## Rule based tagging

When it comes to POS tagging, there are several methods that can be used to assign the appropriate tags to words in a text. One such method is the lexicon-based approach, which uses a statistical algorithm to assign the most frequently assigned POS tag to each token.

For instance, the tag “verb” may be assigned to the word “run” if it is used as a verb more often than any other tag.

Another approach is the rule-based method, which combines the lexicon-based approach with predefined rules. These rules are designed to handle specific cases that the lexicon-based approach may not be able to handle on its own.


### Reading the tagset

Let’s try to understand the tagged dataset by reading it from nltk.

In [None]:
# Importing libraries
import nltk
from sklearn.model_selection import train_test_split
from nltk.tokenize import word_tokenize

In [None]:
nltk.download('treebank')

[nltk_data] Downloading package treebank to /root/nltk_data...
[nltk_data]   Unzipping corpora/treebank.zip.


True

In [None]:
# reading the Treebank tagged sentences
wsj = list(nltk.corpus.treebank.tagged_sents())
# samples: Each sentence is a list of (word, pos) tuples
wsj[:3]

In [None]:
# converting the list of sents to a list of (word, pos tag) tuples
tagged_words = [tup for sent in wsj for tup in sent]
print(len(tagged_words))
tagged_words[:10]

100676


[('Pierre', 'NNP'),
 ('Vinken', 'NNP'),
 (',', ','),
 ('61', 'CD'),
 ('years', 'NNS'),
 ('old', 'JJ'),
 (',', ','),
 ('will', 'MD'),
 ('join', 'VB'),
 ('the', 'DT')]

## EDA

- Find the number of unique POS tags in the corpus
- Which is the most frequent tag in the corpus
- Which tag is most commonly assigned to the word "bank".
- Which tag is most commonly assigned to the word "executive".

In [None]:
tags = [pair[1] for pair in tagged_words]
unique_tags = set(tags)
len(unique_tags)

46

In [None]:
from collections import Counter
tag_counts = Counter(tags)
tag_counts

In [None]:
tag_counts.most_common(5)

[('NN', 13166), ('IN', 9857), ('NNP', 9410), ('DT', 8165), ('-NONE-', 6592)]

In [None]:
bank = [pair for pair in tagged_words if pair[0].lower() == 'bank']
bank

In [None]:
executive = [pair for pair in tagged_words if pair[0].lower() == 'executive']
executive

## Lexicon and Rule-Based Models for POS Tagging

In [None]:
# Splitting into Train and Test Sets

train_set, test_set = train_test_split(wsj, test_size=0.3)
print(len(train_set))
print(len(test_set))
print(train_set[:2])


2739
1175
[[('She', 'PRP'), ('was', 'VBD'), ('untrained', 'JJ'), ('and', 'CC'), (',', ','), ('in', 'IN'), ('one', 'CD'), ('botched', 'JJ'), ('job', 'NN'), ('killed', 'VBD'), ('a', 'DT'), ('client', 'NN'), ('.', '.')], [('Similarly', 'RB'), (',', ','), ('Campbell', 'NNP'), ("'s", 'POS'), ('Italian', 'JJ'), ('biscuit', 'NN'), ('operation', 'NN'), (',', ','), ('D.', 'NNP'), ('Lazzaroni', 'NNP'), ('&', 'CC'), ('Co.', 'NNP'), (',', ','), ('has', 'VBZ'), ('been', 'VBN'), ('hurt', 'VBN'), ('*-40', '-NONE-'), ('by', 'IN'), ('overproduction', 'NN'), ('and', 'CC'), ('distribution', 'NN'), ('problems', 'NNS'), ('.', '.')]]

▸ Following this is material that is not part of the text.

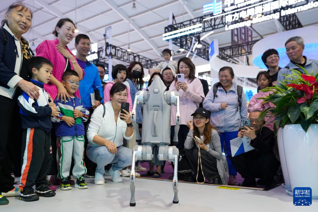6月22日,家长带着小朋友在第9届南博会上与机器狗互动。新华社记者 陈欣波 摄

### Unigram lexicon tagger

In NLTK, the UnigramTagger() can be used to train such a model.

In [None]:
# Lexicon (or unigram tagger)
unigram_tagger = nltk.UnigramTagger(train_set)
unigram_tagger.accuracy(test_set)

0.8691994391400147

### Rule-Based (Regular Expression) Tagger

For example, we can specify regexes for various grammatical forms such as gerunds and past tense verbs, 3rd singular present verbs (e.g., creates, moves, makes), modal verbs (e.g., should, would, could), possessive nouns (e.g., partner’s, bank’s), plural nouns (e.g., banks, institutions), cardinal numbers (CD), and so on. In case none of these rules are applicable to a word, we can assign the most frequent tag NN to it.

In [None]:
# specify patterns for tagging
# example from the NLTK book
patterns = [
    (r'.*ing$', 'VBG'),              # gerund
    (r'.*ed$', 'VBD'),               # past tense
    (r'.*es$', 'VBZ'),               # 3rd singular present
    (r'.*ould$', 'MD'),              # modals
    (r'.*\'s$', 'NN$'),              # possessive nouns
    (r'.*s$', 'NNS'),                # plural nouns
    (r'^-?[0-9]+(.[0-9]+)?$', 'CD'), # cardinal numbers
    (r'.*', 'NN')                    # nouns
]
regexp_tagger = nltk.RegexpTagger(patterns)
regexp_tagger.evaluate(test_set)

  Function evaluate() has been deprecated.  Use accuracy(gold)
  instead.
  regexp_tagger.evaluate(test_set)


0.21816785738131803

### Combining Rule based with Lexicon PoS Tagger

NLTK provides a convenient method to combine taggers using the ‘backup’ argument. In the following code, we create a regex tagger to act as a backup to the lexicon tagger. In other words, if the lexicon tagger is unable to tag a word (e.g., a new word not in the vocabulary), it will use the rule-based tagger to assign a tag. Additionally, note that the rule-based tagger itself is backed up by the ‘NN’ tag.

In [None]:
# rule based tagger
rule_based_tagger = nltk.RegexpTagger(patterns)
# lexicon backed up by the rule-based tagger
lexicon_tagger = nltk.UnigramTagger(train_set, backoff=rule_based_tagger)
lexicon_tagger.evaluate(test_set)


  Function evaluate() has been deprecated.  Use accuracy(gold)
  instead.
  lexicon_tagger.evaluate(test_set)


0.9048541096347733